Plus tôt dans la journée, Donald Trump avait déjà jugé que la procédure d’ »impeachment » sur le point d’être lancée contre lui par les démocrates était « totalement ridicule » et provoquait « une immense colère » chez ses partisans, lors d’une de ses rares prises de parole depuis les violences au Capitole.

« C’est la poursuite de la plus grande chasse aux sorcières de l’Histoire, a déclaré le président américain, qui est sous le coup d’une deuxième procédure de destitution historique, dont l’acte d’accusation sera examiné ce mercredi par la Chambre des représentants. « Je ne veux pas de violence », a-t-il ajouté.

« Une erreur catastrophique » des réseaux sociaux
Trump a également jugé que son discours la semaine dernière devant ses partisans avant l’assaut du Capitole était « tout à fait convenable ». Le locataire de la Maison Blanche, qui quittera le pouvoir dans huit jours, a par ailleurs estimé que les réseaux sociaux tels que Twitter qui ont suspendu son compte faisaient « une erreur catastrophique ».

Il a rencontré lundi soir son vice-président Mike Pence qui a, semble-t-il, décidé de faire – pour l’heure – front commun avec lui face aux démocrates, rejetant les appels à le démettre de ses fonctions avec le 25e amendement de la Constitution.

Soutenu par un vaste nombre de démocrates, et avec le soutien possible de républicains, l’acte d’accusation visant Donald Trump devrait être facilement adopté mercredi. Ce vote marquera l’ouverture formelle de la deuxième procédure de destitution contre le président américain.

« L’Amérique en danger »
Mais le doute demeure sur le déroulement, et l’issue, du procès qui devra ensuite avoir lieu au Sénat, aujourd’hui à majorité républicaine. Les démocrates prendront le contrôle de la chambre haute le 20 janvier mais auront besoin du ralliement de nombreux républicains pour atteindre la majorité des deux tiers nécessaire à sa condamnation.
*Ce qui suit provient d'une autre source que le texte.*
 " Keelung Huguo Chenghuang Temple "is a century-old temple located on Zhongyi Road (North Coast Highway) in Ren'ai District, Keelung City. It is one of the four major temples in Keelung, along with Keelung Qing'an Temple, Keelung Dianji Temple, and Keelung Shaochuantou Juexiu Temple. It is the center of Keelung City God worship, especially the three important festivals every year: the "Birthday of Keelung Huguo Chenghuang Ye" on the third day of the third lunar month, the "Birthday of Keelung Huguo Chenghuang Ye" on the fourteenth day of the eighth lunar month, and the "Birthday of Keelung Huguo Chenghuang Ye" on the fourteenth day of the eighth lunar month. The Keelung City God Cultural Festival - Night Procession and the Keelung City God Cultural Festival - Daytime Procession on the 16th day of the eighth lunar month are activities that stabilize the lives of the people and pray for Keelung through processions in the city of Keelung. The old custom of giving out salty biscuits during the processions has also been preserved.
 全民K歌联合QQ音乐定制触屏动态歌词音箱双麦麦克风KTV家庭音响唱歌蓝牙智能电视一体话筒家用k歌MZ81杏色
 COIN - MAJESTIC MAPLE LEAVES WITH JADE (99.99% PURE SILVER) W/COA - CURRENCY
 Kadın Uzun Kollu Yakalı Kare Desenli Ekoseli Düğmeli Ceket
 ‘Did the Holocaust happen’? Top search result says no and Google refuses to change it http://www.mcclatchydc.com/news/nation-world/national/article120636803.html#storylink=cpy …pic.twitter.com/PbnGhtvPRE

Un procès risquerait en outre d’entraver l’action législative des démocrates au début de la présidence Biden, en monopolisant les séances au Sénat.
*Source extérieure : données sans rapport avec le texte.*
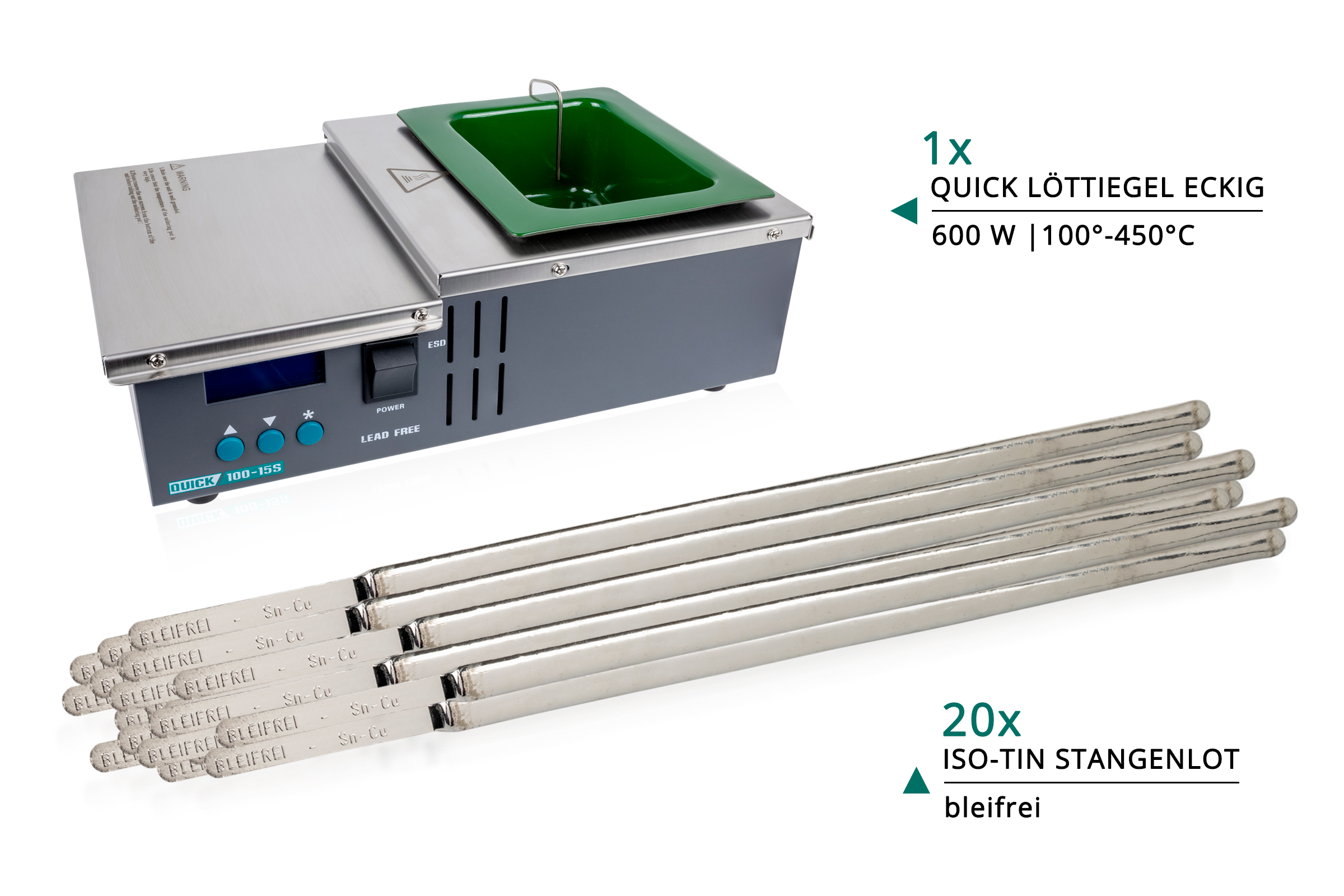 QUICK soldering pot, round, Ø36mm, 40mm deep, 150°-500°C, 200W 55,00 € incl. VAT zzgl. Versandkosten Add to cart QUICK soldering pot, square, 98 x 121 mm, 58 mm deep, 100°-450°C, 600 W 259,00 € incl. VAT zzgl. Versandkosten Add to cart QUICK soldering pot, round, Ø54mm, 38mm deep, 150°-450°C, 400W 87,70 € incl. VAT zzgl. Versandkosten Add to cart (Deutsch) Effektive Lötbad-Regeneration mit GALLUNOPTIMAL by FELDER – Sn99,9P Pellets, 250 g 43,38 € incl. VAT zzgl. Versandkosten Add to cart ERSA Longlife thermocouple for RA4500D control station 195,74 € incl. VAT zzgl. Versandkosten Add to cart ERSA thermocouple for RA4500D control station 87,34 € incl. VAT zzgl. Versandkosten Add to cart (Deutsch) i-Solder-Pot 80x10mm, 10mm tief für ERSA i-Tool 206,96 € incl. VAT zzgl. Versandkosten Add to cart (Deutsch) Verzinnungsset mit Löttiegel eckig, 98x 121mm, 58mm tief 458,00 € incl. VAT zzgl. Versandkosten Add to cart

En parallèle, les démocrates veulent approuver mardi soir une résolution appelant le vice-président Mike Pence à démettre le président de ses fonctions. Tant qu’ils ne l’écarteront pas du pouvoir, la « complicité » des républicains avec Donald Trump, mettra « en danger l’Amérique », a tonné lundi la puissante présidente démocrate de la Chambre Nancy Pelosi.
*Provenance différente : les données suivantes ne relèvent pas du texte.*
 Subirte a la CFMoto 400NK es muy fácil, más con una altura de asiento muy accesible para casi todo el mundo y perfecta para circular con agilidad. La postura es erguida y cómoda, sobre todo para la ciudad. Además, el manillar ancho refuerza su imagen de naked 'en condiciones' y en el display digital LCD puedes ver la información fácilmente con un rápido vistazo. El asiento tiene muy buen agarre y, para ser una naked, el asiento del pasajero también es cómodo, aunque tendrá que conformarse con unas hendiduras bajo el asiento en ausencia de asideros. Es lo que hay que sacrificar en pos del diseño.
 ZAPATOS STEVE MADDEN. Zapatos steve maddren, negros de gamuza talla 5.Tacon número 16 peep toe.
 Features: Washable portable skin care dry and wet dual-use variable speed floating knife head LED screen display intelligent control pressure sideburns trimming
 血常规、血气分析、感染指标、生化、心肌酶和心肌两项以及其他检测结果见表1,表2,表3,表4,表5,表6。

Le président élu Joe Biden prêtera lui serment sous haute garde le 20 janvier, justement sur les marches du Capitole, siège du Congrès américain. Critiqué pour avoir tardé, mercredi dernier, à envoyer la Garde nationale, le Pentagone a cette fois autorisé le déploiement de 15.000 soldats pour la cérémonie d’investiture. « Je n’ai pas peur » malgré les risques de nouvelles manifestations pro-Trump, a déclaré le démocrate lundi.